Tuesday, February 28, 2006

Pancake Day?

pancakes

There is something amiss with Shrove Tuesday in this country. There is something seriously wrong with the way that we celebrate the start of Lent. In the remains of New Orleans, people are celebrating like crazy, as if their sheer combined energy can pump life and love back into that battered old Southern lady, the glint slowly coming back into her eye. In Rio, there's sheer chaos, a riot of tits and ass, a party spurned on by the gurning face of Maradona; revelry that puts us all to shame. So, how do we here celebrate the end of freedom and the onset of denial? We make pancakes. Like I say there is something seriously wrong.

The celebration of Pancake Day and Mardi Gras are fundamentally the same thing. Mardi Gras, literally "Fat Tuesday", the day before Ash Wednesday is a day where you'd traditionally use up all the remaining eggs and fat in your household before the Lenten fast. One last blow out, before days of frugality and prayer. Of course, pancakes where the just the kind of thing to make if you've got a glut of eggs and butter knocking around. How that transformed into the spectacle of Mardi Gras in one place and the only vaguely remembered festival of Pancake Day in another is anyone’s guess. Probably the weather.

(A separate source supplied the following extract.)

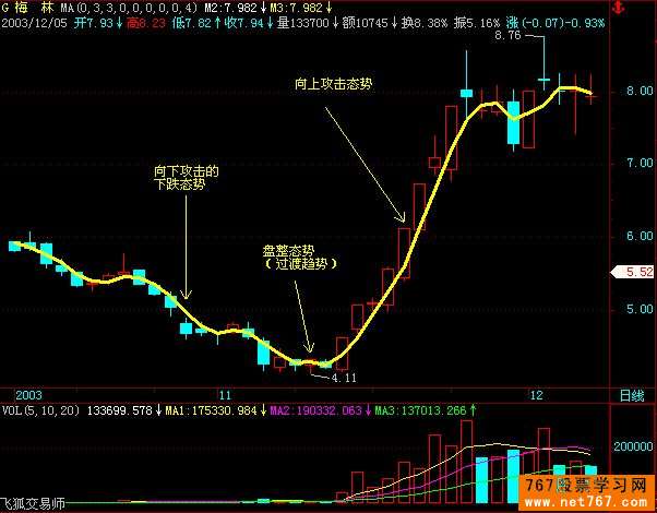 一种是3天均线向下的时候,被称为短期下跌态势。(角度越大,攻击力度越强,45度角是强弱界线)

Anyway, that soft, warm and slightly sour flavour mixed with lemon and sugar is quite singular. The crispy outside and ever so slightly yielding middle is something that I really should make more often, because they are so damn simple. I remember my Dad making them with a large slab of pork fat on the end of a fork that he would swizzle round the jet black pan and then pour in a generous measure of batter, his expert eye making sure that there were no holes in the sizzling surface, all with one expert flick of his wrist. You'd get them deposited on the place with a sprinkle of sugar and a squeeze of lemon or a dollop of Nutella if he was feeling generous.
Tonight, I kept it simple. I looked up the recipe in Delia, she always a sure winner in a situation like this. A pancake and a dollop of ice cream before the long march to Easter starts. What am I giving up for Lent? Hmm, have to think about that and get back to you in the morning.

5 comments:

Sam said...

i like it just the way it is,
pancakes taste much better than king cake.

Andreea said...

it's a little late now here over the channel, but i sure love your blog; will come back for some more island insights (tea, oh and stilton?) :)

Anonymous said...

Nice! I am jealous. I ran out of milk and was just too lazy to go to get some. I cannot be French and not love les bonnes crêpes! Reminds me of childhood meals! Before I even knew about Mardi-Gras et le carême!

Anonymous said...

sam, i totally agree. a friend of mine made king cakes for some customers. she tweaked the recipe (basically a cinnamon danish) and it looked quite good without frosting. but the lady insisted on purple, green, and gold frosting. it looked like an acrylic paint set had puked all over it.

monkey glad, enjoy the pancakes. i'm going get sick silly on jambalaya and beer. happy mardi gras

Liz said...

I had absolutely no idea about the origins of "Fat Tuesday". Or at least I had forgotten it pretty solidly until you reminded me of it. Very interesting.

I like your site- I plan to check back often.